- TASK DIRECTIONS:
Output a faithful copy of the entries, every picture removed.

[Extracted records]
------------------------

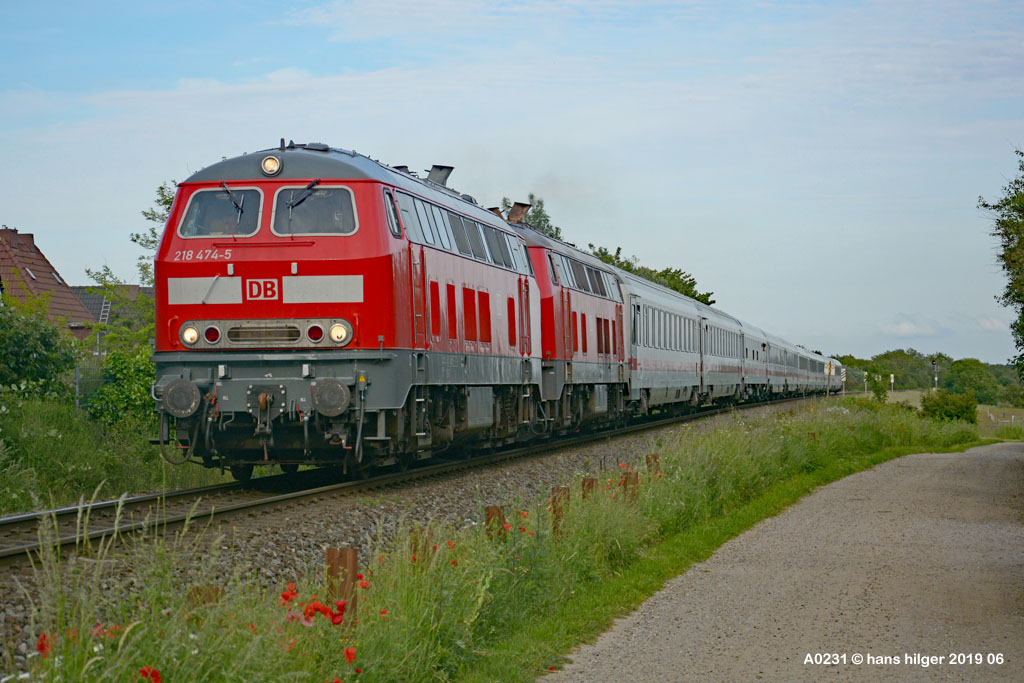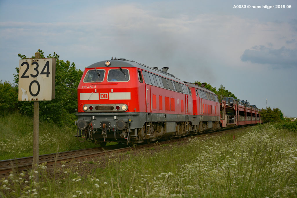 <46> Die 218 474 war eine zeitlang unterwegs für die Hamburger S- Bahn und hat Überführungen gefahren, aber eine kurze Zeit hat sie auch auf der Insel Sylt ausgeholfen, als mal wieder Mangel herrschte . . . Hier ist sie gerade in keitum wieder losgefahren nach einer Kreuzung im Sommer 2019<47> Auf dieser Aufnahme erkennt man das Logo der “S-Bahn-Hamburg”, das sicher ungewöhnlich war auf der Insel<48> Und ein zweites Mal hab ich sei erwischt zu dieser Zeit, sie erreicht gerade Tinnum und wird in wenigen Augenblicken ihr Ziel Westerland erreicht haben mit lauter Urlaubern für die Insel der Inseln<49> Das war zu der Zeit ihr Markenzeichen, das sie ja dankenswerterweise bis heute behalten durfte: Die Alu- Fensterrahmen<50> Und der Vollständigkeit halber hier auch noch ein älteres Bild der 216 224, die wir hier bei der Einfahrt von Osten her in Gerstungen sehen in der frühen Nachwendezeit
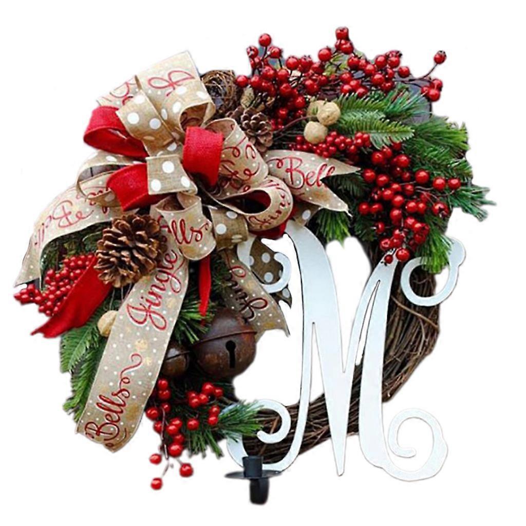 Christmas Fake Red Berries Bowknot Bells Wreath with Pinecones Artifical Leaves Simulation Garland Winter Holiday Xmas Party Front Door Wall
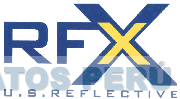 El logotipo conformado por la denominación RFX U.S. REFLECTIVE escrita en letras características, en donde se aprecia la letra X de mayor tamaño, todo en los colores amarillo y azul; conforme al modelo adjunto
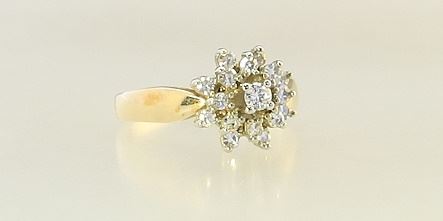 14K (marked) Yellow Gold Diamond Cluster Ring, Size 6 3/4, 4.1g.
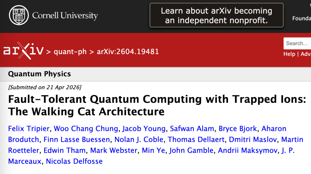 4月21日,量子计算上市公司 IonQ 研究团队正式发布了一份名为“ Walking Cat ”的容错量子计算机完整工程蓝图,详细规定了从编译器、逻辑纠错到量子芯片微架构的所有细节。蓝图指出,仅需2,514个物理量子比特即可构建出拥有110个逻辑量子比特的系统,并每天执行约一百万次逻辑门(T门)操作。01. Walking Cat 架构要看懂这份蓝图,我们得先拆解一下 “Walking Cat”,
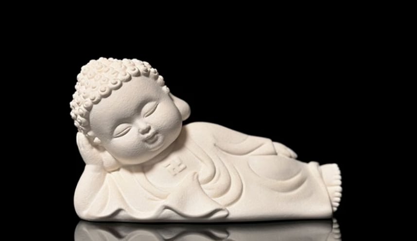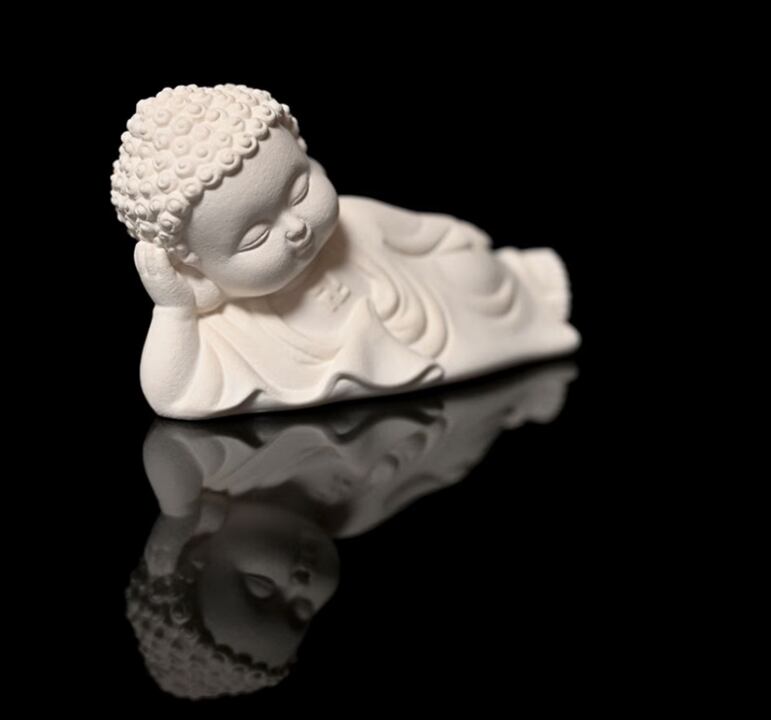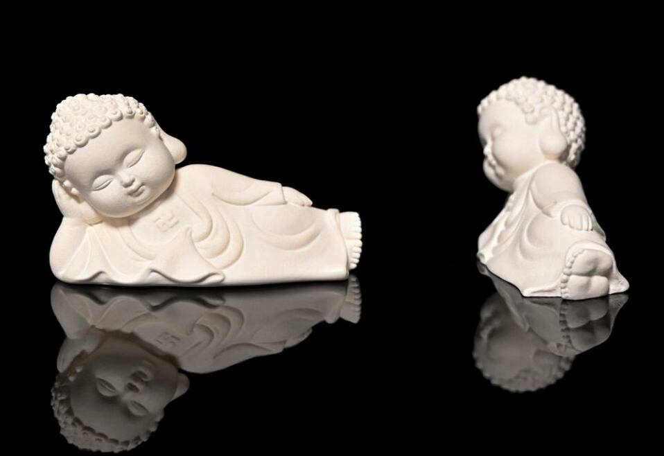 横向きに瞑想する姿をモチーフにした、穏やかでかわいらしい雰囲気の仏陀オブジェです。
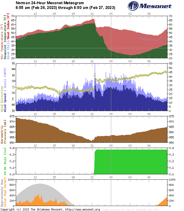Note the increase in shear from 00Z to 03Z (6 to 9pm CST) soundings. As the upper level trough as well as the line of storms approached Oklahoma City, we saw a double of the low level shear values. The thermals still show a strong capping inversion, but that did not matter. Here is the Meteogram from the Norman mesonet station.

------------------------

- SOLUTION FOR THIS PROBLEM:
 <46> Die 218 474 war eine zeitlang unterwegs für die Hamburger S- Bahn und hat Überführungen gefahren, aber eine kurze Zeit hat sie auch auf der Insel Sylt ausgeholfen, als mal wieder Mangel herrschte . . . Hier ist sie gerade in keitum wieder losgefahren nach einer Kreuzung im Sommer 2019<47> Auf dieser Aufnahme erkennt man das Logo der “S-Bahn-Hamburg”, das sicher ungewöhnlich war auf der Insel<48> Und ein zweites Mal hab ich sei erwischt zu dieser Zeit, sie erreicht gerade Tinnum und wird in wenigen Augenblicken ihr Ziel Westerland erreicht haben mit lauter Urlaubern für die Insel der Inseln<49> Das war zu der Zeit ihr Markenzeichen, das sie ja dankenswerterweise bis heute behalten durfte: Die Alu- Fensterrahmen<50> Und der Vollständigkeit halber hier auch noch ein älteres Bild der 216 224, die wir hier bei der Einfahrt von Osten her in Gerstungen sehen in der frühen Nachwendezeit
 Christmas Fake Red Berries Bowknot Bells Wreath with Pinecones Artifical Leaves Simulation Garland Winter Holiday Xmas Party Front Door Wall
 El logotipo conformado por la denominación RFX U.S. REFLECTIVE escrita en letras características, en donde se aprecia la letra X de mayor tamaño, todo en los colores amarillo y azul; conforme al modelo adjunto
 14K (marked) Yellow Gold Diamond Cluster Ring, Size 6 3/4, 4.1g.
 4月21日,量子计算上市公司 IonQ 研究团队正式发布了一份名为“ Walking Cat ”的容错量子计算机完整工程蓝图,详细规定了从编译器、逻辑纠错到量子芯片微架构的所有细节。蓝图指出,仅需2,514个物理量子比特即可构建出拥有110个逻辑量子比特的系统,并每天执行约一百万次逻辑门(T门)操作。01. Walking Cat 架构要看懂这份蓝图,我们得先拆解一下 “Walking Cat”,
 横向きに瞑想する姿をモチーフにした、穏やかでかわいらしい雰囲気の仏陀オブジェです。
Note the increase in shear from 00Z to 03Z (6 to 9pm CST) soundings. As the upper level trough as well as the line of storms approached Oklahoma City, we saw a double of the low level shear values. The thermals still show a strong capping inversion, but that did not matter. Here is the Meteogram from the Norman mesonet station.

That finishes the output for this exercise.